Похоже, он потерял не только здравый смысл, но и страх. Ромка ведь не станет церемониться и детально разбираться, выясняя кто здесь друг, любовник, кровный враг — в этом я уверена. Юрьев — жуткий собственник, тиран и долбаный единоличник. Эгоист проклятый. Маменькин сынок. Малодушный циник. Ничтожный человек. Палач. Убийца. Кровопийца! Как он, падла, брезговал находиться со мной в одной комнате после того, что тогда случилось! Те сволочи понюхали его «дерьмо» и неосмотрительно позволили себе «ноктюрном» насладиться. До сих пор перед глазами стоит гнусная картинка отворачивающегося мужа. Пока я, как могла-умела, старалась наладить наши к херам утраченные сексуальные отношения, подлец нашел отличный способ и единственный выход из непростой, тяжёлой, психологически ущербной ситуации.

«Наш Рома Юрьев трусит и с большим трудом выносит ненависть, которую якобы в моих зрачках читает» — как тут недавно оказалось. Уверена, что муж играет, строит из себя несчастного, предпочитая закрывать глаза и отворачиваться, утыкаться носом в мои ухо, шею, щеку, прикусывая при этом мочку, скулу, кожу. Он делает всё, чтобы не встречаться взглядом. Вот так я неприятна человеку, который считает, что такие издевательские отношения всё же лучше, чем развод, разъезд и девичья фамилия.

А с этим членом он, без сомнения, разберется по отсутствующим правилам-понятиям:

«Какого чёрта, Саша, ты прёшь туда, где тебе, миленький, совсем не рады?». Жертва палача даже не успеет сгруппироваться, зато отхватит и, возможно, склеит ласты, как случилось десять лет назад в той тесной камере.

— Убери, сказала, — вытягиваю кисть из цепкого захвата.

— По-прежнему считаешь, что я клею?

— У тебя аврал в трусах, любимый? Так выйди и сексуально успокойся. Жалко выглядишь. Я замужем, Фролов. Если это важно?

— Нет, но… Ты замужем, девонька, но так несчастна.

— Это не топ-новость. Раструбить желаешь? — разглядываю обстановку, в красках представляя, как каждый из здесь присутствующих после заседания начнет мне сопереживать и умолять о дружбе.

Из жалости… Из жалости, конечно.

— Зациклена на горе?
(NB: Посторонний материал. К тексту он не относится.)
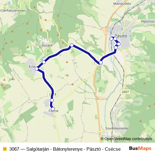 The first stop of the 3067 bus route is Csécse, autóbusz-váróterem and the last stop is Salgótarján, autóbusz-állomás. 3067 (Salgótarján - Bátonyterenye - Pásztó - Csécse) is operational during on weekdays.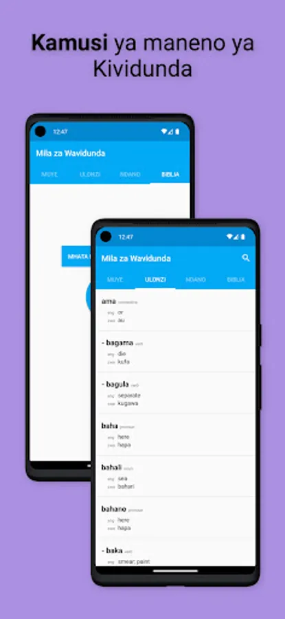This app has been produced by the Vidunda people and Pioneer Bible Translators. Special thanks to Damas Rulenga for his years of hard work and dedication to his people.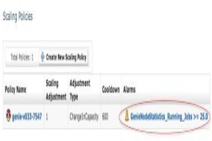 通过使用Asgard,同样可以为动态负载设置扩展策略。下方的截图就是一个简单的策略,一旦所有实例上的平均作业数量大于25就会自动开启一个Genie实例。

Поэтому на прямые вопросы не отвечаешь, зато щиплешься и куксишься? Я не в обиде, а твои метания — хороший, сочный признак! Значит, я на верном пути. Осталось чуть-чуть тебя дожать, и ты моя навеки.
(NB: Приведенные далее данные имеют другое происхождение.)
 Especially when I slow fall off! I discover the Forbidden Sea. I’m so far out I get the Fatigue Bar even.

— Разнообразия в постельке захотелось?

— Ну-у-у…

— Тебя по жопе, что ли, некому хлестать?

— Я потерплю. Прям очень-очень хочу познакомиться с твоими доминантными умениями. Так ли ты хороша в том, что на голубом глазу вещаешь?

— Что?

— Говорю, что доверюсь, пожалуй, профессионалам. Наш хмурый Юрьев жив, значит, ты до смерти Сашуню не заездишь, но определенно доставишь физическое удовлетворение. Опять же, судя по гордой выправке начбеза.

— Сомневаюсь, что выдержишь мой темп, писюша, — пренебрежительно искривляю губы.
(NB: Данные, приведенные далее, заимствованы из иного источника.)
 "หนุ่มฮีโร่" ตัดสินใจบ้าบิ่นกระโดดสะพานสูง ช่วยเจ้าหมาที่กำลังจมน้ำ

— А ты не сомневайся, девонька. Я прощу тебе «писюшу» за поцелуй у двери.

— У двери?

— Я провожу домой?

— У Юрьева машина. Вряд ли мы с тобой пересечемся в том салоне. И да! Я не буду жалеть тебя. Отлуплю со всей дури и с колоссальным рвением.

— Не пугай, — по-моему, Саша мне не верит. — Всем известно, я крепкий малый. К тому же, способный и умелый. Ты будешь полностью удовлетворена. Агрегат, — Сашка двигает бёдрами, тараня нижнюю часть стола, — работает без нареканий, сбоев и критических ошибок. Я с лёгкостью приведу тебя к оргазму, Юрьева, а твой благоверный об этом даже не узнает. Ты будешь свиньей визжать и змейкой извиваться, а после умолять меня о дальнейших встречах, однако я буду непреклонен. Всё-таки дружбу между мной и Ромкой никто не отменял. Да ещё Котян, вероятно, вмажется и станет буфером между нами, когда случайно въедет в непростую ситуацию. Пошпилимся и разбежимся кто куда. Современные отношения, Лялечка. А твои сиськи, между прочим, я высоко оценил в тот день, когда ты соизволила вернуться на свое контрактом предусмотренное место. «Спасибо» только не сказал. Ты странно отвернулась. Трёшка, если я не ошибаюсь? К сведению, мой любимый размер. Как раз под эти беленькие ручки, — он выкладывает свои клешни, демонстрируя мне две здоровые чаши, в каждой из которых вполне могут поместиться по три моих мяча.

— Полагаешь, Юрьев не соврал, когда растрезвонил тебе о моей проблеме? Решил пойти на абордаж, Саша? Сейчас я прохожу проверку?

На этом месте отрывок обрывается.